Decoding Drake's Dream

Decoding Drake's Dream

On the leafy campus of the Landmark School in Manchester, Massachusetts, math program director Chris Woodin, Ed.M.'89, stands in front of what can only be described as a contraption: a grid of ropes and pulleys attached to the side of a building, each rope with a plastic pennant flag tied to the bottom. Along the edges of the grid, numbers painted on boards mark out Cartesian coordinates — the horizontal edge is x, the vertical edge is y — so that the whole wall is a three-dimensional version of the graphing planes that generations of middle school math students have dutifully plotted out in their notebooks.

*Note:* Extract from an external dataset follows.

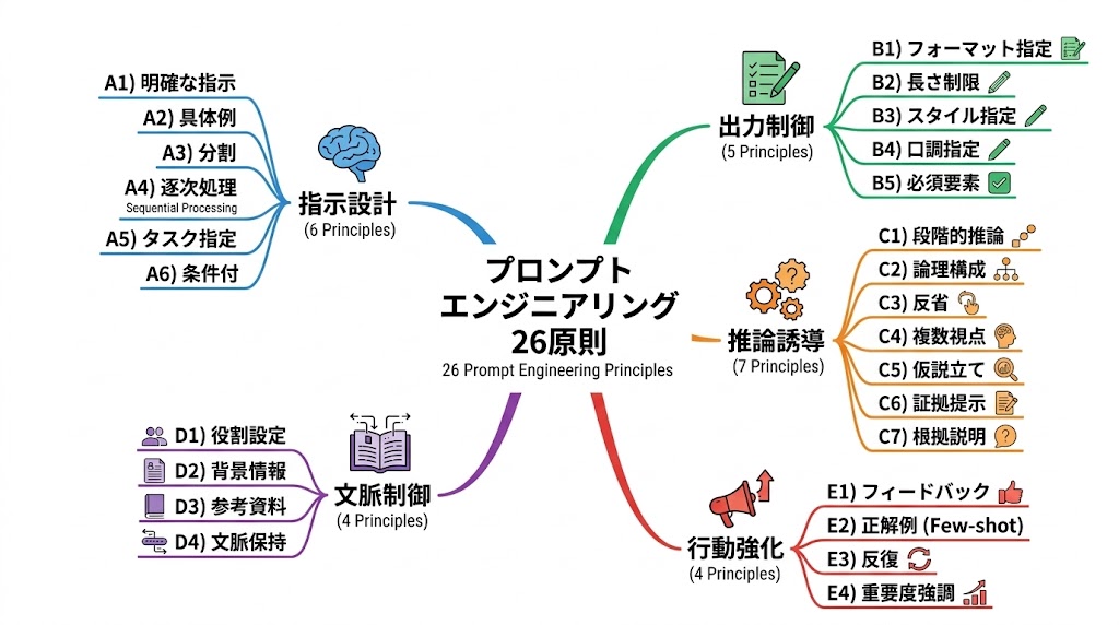 📌 要点:26原則は「指示設計・出力制御・推論誘導・文脈制御・行動強化」の5カテゴリに分類できる。まず各カテゴリの役割を理解してから個別の原則に入ると体系的に習得できる。

"Let's take a simple equation: y=2x," Woodin says with the gusto that tends to overtake him when he explains how he teaches math. "Okay, now if x is zero, what's y going to be? Zero, because two times zero, right? So our flag here where the x value is zero" — he indicates the pennant at the far left corner of the grid — "is not going to move, right?

"But if we take a step over here, where x is one, what's the y value going to be? Two, because one multiplied by two is two, right? So let's do that."

Landmark School
Woodin hoists the x=1 rope until it is level with the 2 value on the y coordinate plane. "And if I keep going, pretty soon you're going to have a pretty good illustration of what it means that y=2x," he says.

He's right. The rope grid is the abstract Cartesian coordinate system made physical, and it's only one of many nontraditional tools he's developed for teaching math concepts to students with language-based learning disabilities (LBLDs), the population Landmark has specialized in teaching since it was founded in 1971. On the same campus, he's constructed an oversized clock, a gridded outfield for rotations and transformations, and a baseball wins-and-losses chart for percentages. In each case, the thinking is the same: If students can associate the abstract language of problem-solving with specific physical movements that help them move through an equation's component parts, then they are more likely to develop the bone-deep understanding of math concepts that will be essential to their high school careers. Woodin calls this method "whole-to-part" learning because the emphasis is on understanding the relationship between the question and the answer rather than on being right or wrong — a notion that flips traditional classroom dynamics on their heads.

Woodin's approach is typical of Landmark, a combined boarding and day school that is known nationally and internationally for pioneering teaching methods that can transform the academic performance — and self-esteem — of LBLD students, many of whom arrive reading far below grade level and leave ready for college. The story of that success dates back to the school's founder, Charles Drake, Ed.D.'70, who created a culture, with dozens of Ed School alumni, of experimentation matched with a unique clarity of mission. Over time, this combination has led to fruitful collaborations with researchers, including many at the Ed School, such as Professor Kurt Fischer, Assistant Professor Gigi Luk, and Lecturer Todd Rose, Ed.M.'01, Ed.D.'07. As Landmark nears its fifth decade, its outreach arm is consulting with school districts and finding new ways to reach educators. The hope is that as one small school on Boston's North Shore continues to impact the lives of a small group of nontraditional learners, it can also have an impact on the national education conversation.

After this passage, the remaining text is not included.